Police recruits have expressed their disappointment at a lack of communication over delayed training “wings”, while calls for Government action grow louder.
Hundreds of recruits have been left in limbo after police were forced to put the brakes on training, as revealed by the Herald on Sunday.
Candidates of an upcoming training wing were initially scheduled to attend the Royal New Zealand Police College in February, but were told that they would be deferred until later in 2021 after recruitment requirements were reconsidered.
Police said last week a wing was now scheduled for May, but a police recruit, who contacted the Herald, said that information hasn’t been communicated.
“I was only made aware of a potential May training date after reading an article on (the Herald website), I was a bit disappointed that this was not communicated to me via recruitment,” they said.
“It has actually created a certain amount of anxiety too, as there is now uncertainty if I will even make it onto a training wing in May, due to the huge backlog of recruits and the limited placings.
“I am also aware that some recruits who have been in the process for a while may need to redo various stages of the process, as these have lapsed.
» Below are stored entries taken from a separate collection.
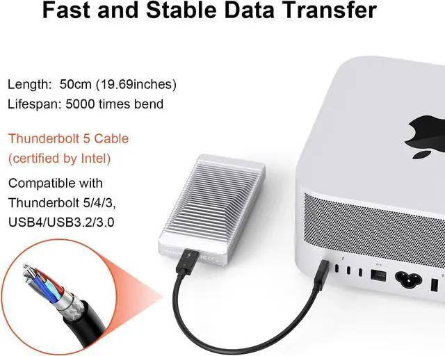 Blazing-fast Speeds: Powered by the Intel JHL9480 controller, it delivers over sequential 6,300MB/s write and 5,900MB/s read speed performance via Thunderbolt 5.
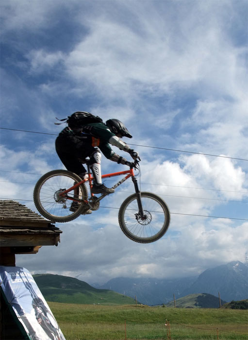Our mate Joh has been out racing the Megavalanche last week. He took his new orange BFe with him, but after practice decided against going with it in the main event Robbie Style. Still, he had plenty of fun on it, and as these photos show, you really can drop it off buildings! ;-)
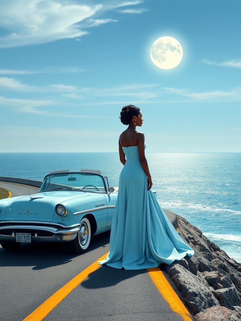 This image depicts a serene, romantic coastal landscape. A vintage powder blue Oldsmobile and an elegant Black woman in a matching gown stand by a shimmering ocean under a soft blue sky with a full moon.

This will set them even further back.”
Another recruit said they were “shocked” by the news.
“It makes you feel as if you’re not a priority to them. The communication to recruits and within the recruitment staff seems very touch-and-go,” they said.
A police spokesperson said in response that “applications shortlisted in the affected wing were contacted on 16 December in relation to the delay, by email and by phone in the following days”.
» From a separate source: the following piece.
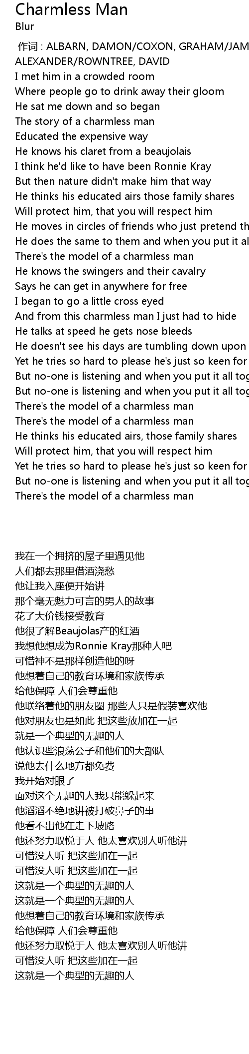 | 歌曲 | Charmless Man |
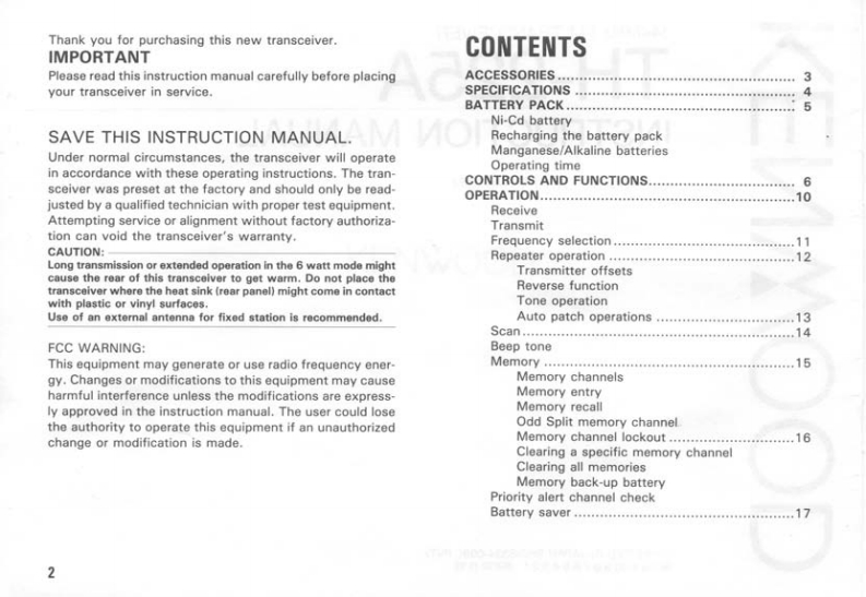 建武Kenwood_TH-225A_Manual操作说明书手册找手册网31天前发布关注私信1.32MB20页025建武Kenwood_TH-225A_Manual操作说明书手册此内容为付费资源,请付费后查看¥19¥21黄金会员免费钻石会员免费登录购买付费资源 第1页 / 共20页 第2页 / 共20页 第3页 / 共20页 第4页 / 共20页 第5页 / 共20页 第6页 / 共20页 第7页 / 共20页 第8页 / 共20页 第9页 / 共20页 第10页 / 共20页 试读已结束,还剩10页,您可下载完整版后进行离线阅读 THE END建武 文本预览 144MHz FM TRANSCEIVERTH-225AKENWOODINSTRUCTION MANUALKENWOOD CORPORATIONCPRINTED IN JAPAN B50-8334-00(K,P)(T)90/12111098765432189/121110 查看更多 收起部分 喜欢就支持一下吧收藏

The Herald can confirm the email contained no information on when training would recommence and some recruits are yet to receive the follow-up call.
Police halted recruitment in June last year, because of an increase in applications during the Covid-19 lockdown, but assured those already in the pipeline that their training would continue.
Executive director of people and operations Kaye Ryan said attrition rates as low as 2 per cent meant there was now “less of a need for police recruits,” despite police falling more than 400 short of the 2017 Government Coalition Agreement goal of adding 1800 new police officers above attrition over three years.
Ryan said the growth target was always funded over a five-year period.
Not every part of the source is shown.